Materia is an Embedded Domain Specific Language written in Python which provides tools and abstractions to simplify creation and execution of quality control tests on your tabular data sets.
To install and use Materia, clone this repository to your local machine. Navigate to the top-level Materia directory and run,
pip3 install -r requirements.txt
After this, copy Materia.py and the libs directory to your project directory. From there, Materia can be pulled into your data testing script with the command:
from Materia import *
This will allow you to create a new Dataset object from tabular data stored in .csv format and begin using Materia.

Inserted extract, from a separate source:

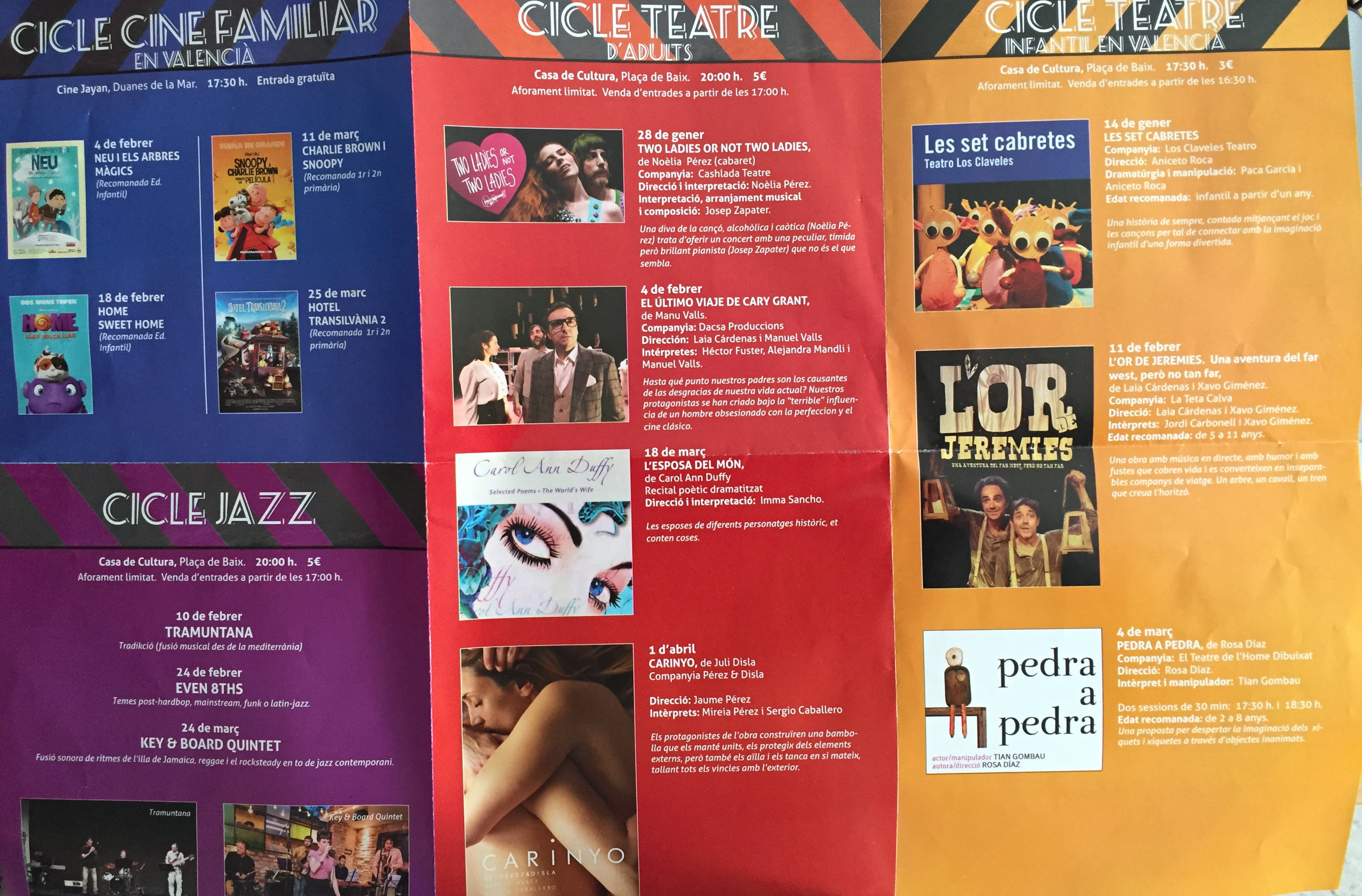 La concejalía de Cultura de Xàbia, dentro del programa de ciclos que ofrece durante todo el invierno, propone para los próximos días citas para todos los públicos.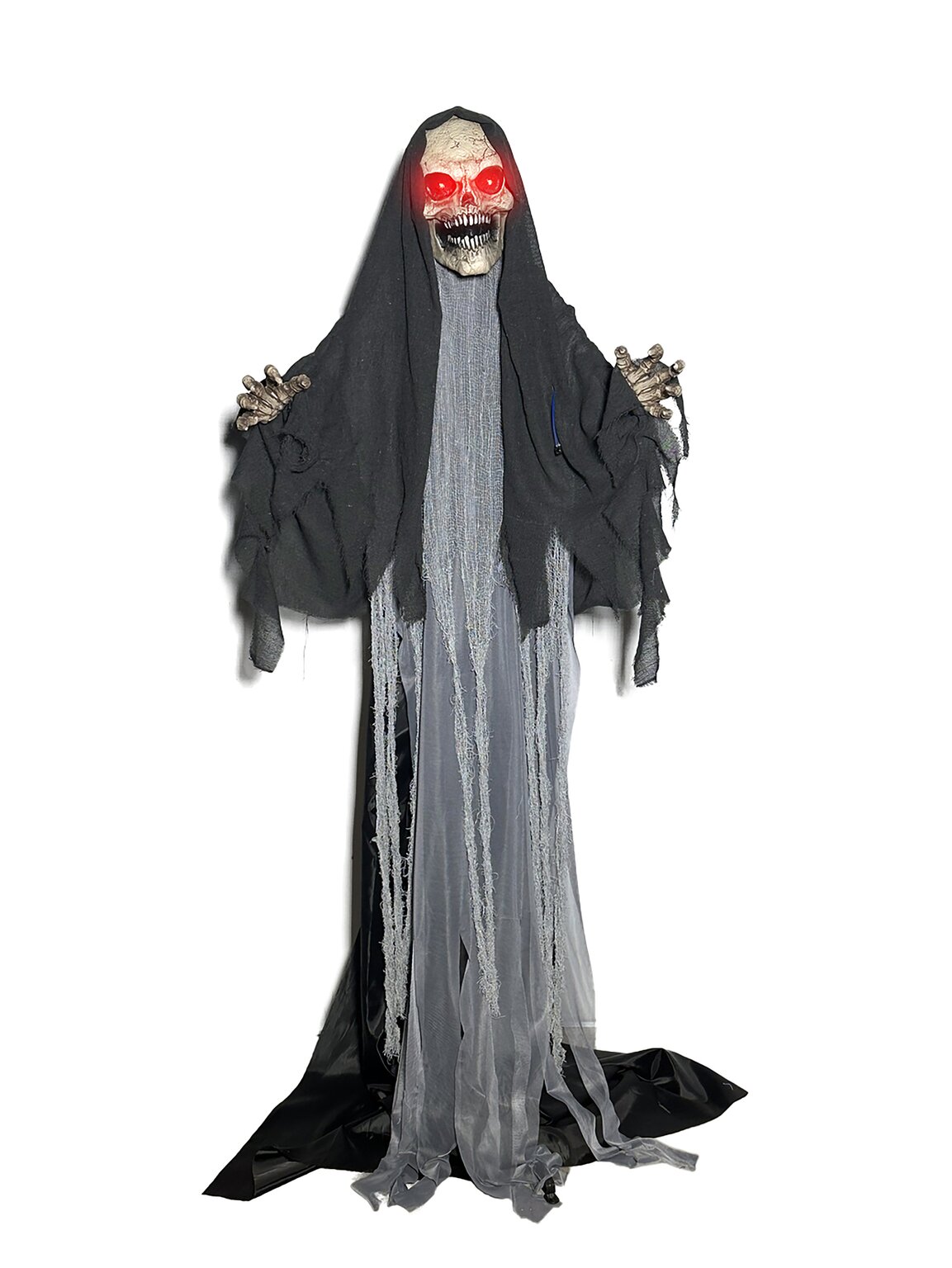 Deze Halloween bewegende animatiepop Skelet staand H 180 - 240 cm is een reus onder de griezels. Deze kolossale verschijning torent dreigend boven alles en iedereen uit. En hij beweegt alsof hij net uit een eeuwenoud graf is opgestaan - klaar om je gasten de rillingen te bezorgen!

For a side-by-side documenation of tests evaluated in the QOD 2020 Materia paper please go here
Language Construct | Additional Info | Description |
---|---|---|
Dataset() | args: filename , numHeaderLines | Dataset Constructor: reads in .csv file, load header lines in as metadata and performs automatic type conversion/detection. |
Dataset.genHeadersFromMetadata() | args: sourceRows <tuple > | Aggregates select header rows into single-line header names, for intuitive time-series dereferencing. |
Dataset.flagcodes().are() | args: dict | Associates a particular set of flag codes with a dataset. These are invoked during testing and define what flags will be output by a non-passing test of a particular type. |
Timeseries.timestep() | args: ts | Sets the expected timestep between two values in the tested dataset. This is used in missing values tests and aligning timer series with different numbers of rows. |
Test Definition | A test definition works by defining a normal python function with two special arguments: "value" and "i". The value argument represents an arbitrary data value in your tested time series. These special "test defintion" functions are written to perform some test against this arbitrary variable and its temporally adjacent neighbors. | |
Value | The "value" variable passed into a test definition is an object which holds either an integer, float or list of those datatypes. It overloads all common math operators to allow for most scalar/vector arithmetic which may be required for test definitions. | |
Timeseries.datapoint().flag().when() | flag(fName ), when(funct ) | This chained method call enables users to invoke special test definitions (funct) to operate on all values over the calling timeseries. Flags are matched to the dictionary set in a prior flagcodes().are() call. This function automatically creates a time-stamp aligned column of QC flags associated with the calling time series. |